Taller people probably have taller spinal discs than an average-sized person. A study by Natarajan et al published in the September 1999 issue of Spine confirmed that tall disc height is associated with a higher failure rate. When a disc with medium surface and extra height is placed, extra pressure is applied. If a tall disc bulges, it will bulge more than a mid-height disc. This leads to an increased risk of nerve impingement in the form of sciatica.
Another possible cause of back pain in tall people is the distance between the arm joint and the lower back. The arm acts as a lever on the body. The closer the hinge (shoulder/armpit) is to your center of gravity, the less stress will be placed on the spinal discs when lifting objects. Tall people, who have a greater distance between the hinge and the center of gravity, put more pressure on the spine, especially the lower back.
If you are tall, it is important to strengthen the spinal discs with strong muscles. A solid core will help take the pressure off your discs. It would be wise to invest in a lumbar pillow to provide additional support to your spine while sitting. It is also important to avoid lifting very heavy objects and to practice proper body mechanics when lifting (for example, lifting with a straight back).

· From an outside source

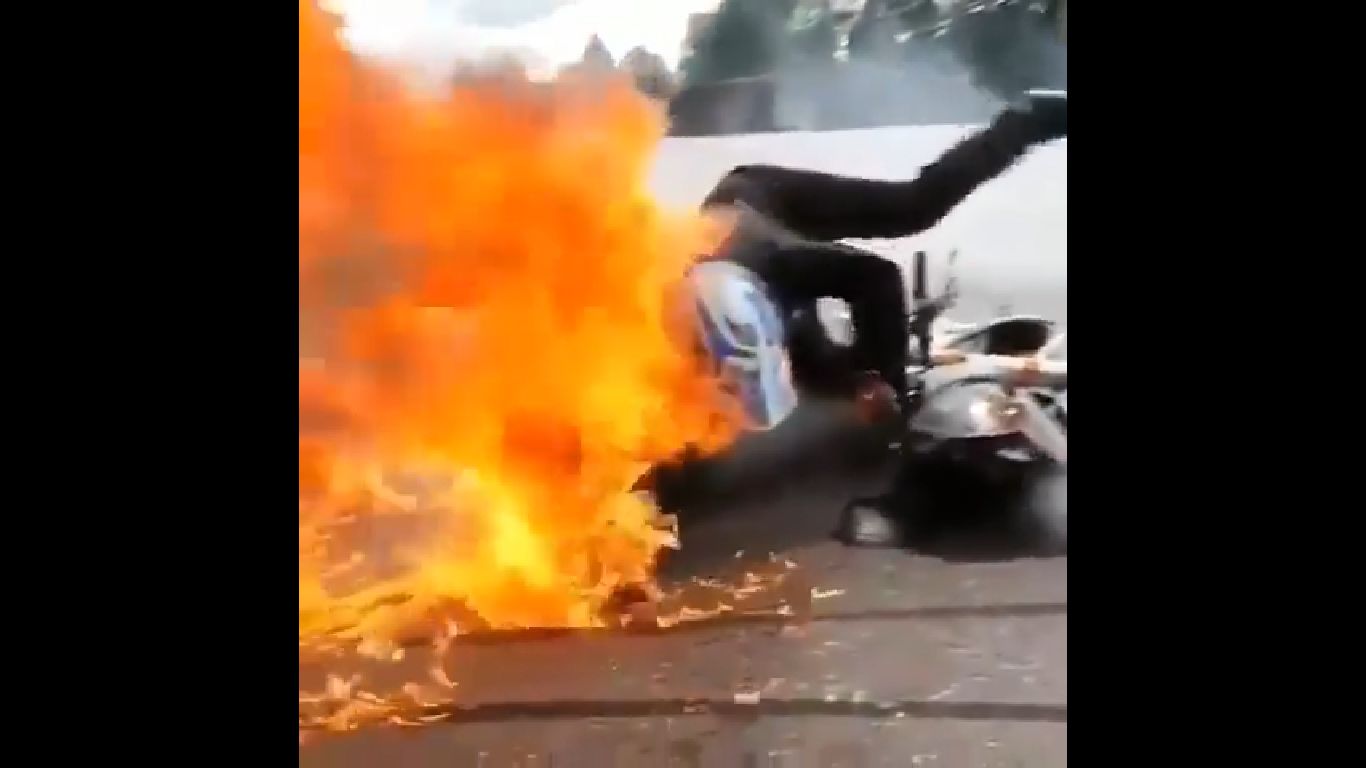Bohater filmu prawdopodobnie chciał zatrzymać się tuż obok beczki robiąc widowiskowe stoppie. Niestety nie wyszło mu to najlepiej i wpadł w beczkę, w której paliła się benzyna. Chwilę później sam stanął w płomieniach. Mamy nadzieje, że sprawa zakończyła się szczęśliwie dla motocyklisty!

Postural dysfunction and strains
When you’re a tall person in a small world, you find yourself bending and reaching often. From doors to chairs, most things are not designed for you. Ergonomics and proper biomechanics are the keys to avoiding repetitive strain injuries.
For a tall person, an ergonomic chair is a necessity, not a luxury. The seat and arm heights of an ergonomic chair are adjustable. Some have built-in lumbar pillows. make sure these are adjustable too. No matter what your job is, your workplace should be adapted to your height. You may need a taller desk or work surface to avoid constant bending.
To limit the harmful effects of constant bending and reaching, you must train your body to move with maximum efficiency and without dysfunction. When bending over to reach an object, bend at the hips, not the lower back. This maintains your natural lumbar curve and takes pressure off the spinal discs. When bending under a low door, bend your knees or hips and keep your back and neck straight rather than tilting your neck to the side. These and other simple maneuvers could prevent height-related muscle strain, joint dysfunction, and disc degeneration.
If you need a more structured approach to correcting body mechanics, consider studying the Alexander Technique. This program focuses on effective movement that places the body’s structures under the least amount of stress possible. The Alexander technique can be practiced at home or with a trained instructor. See http://www.alexandertechnique.com/ for more information.
While you can’t change your height, you do have the power to limit its effects on your back health. The way you move and the spaces you work in can be modified to prevent or treat back pain.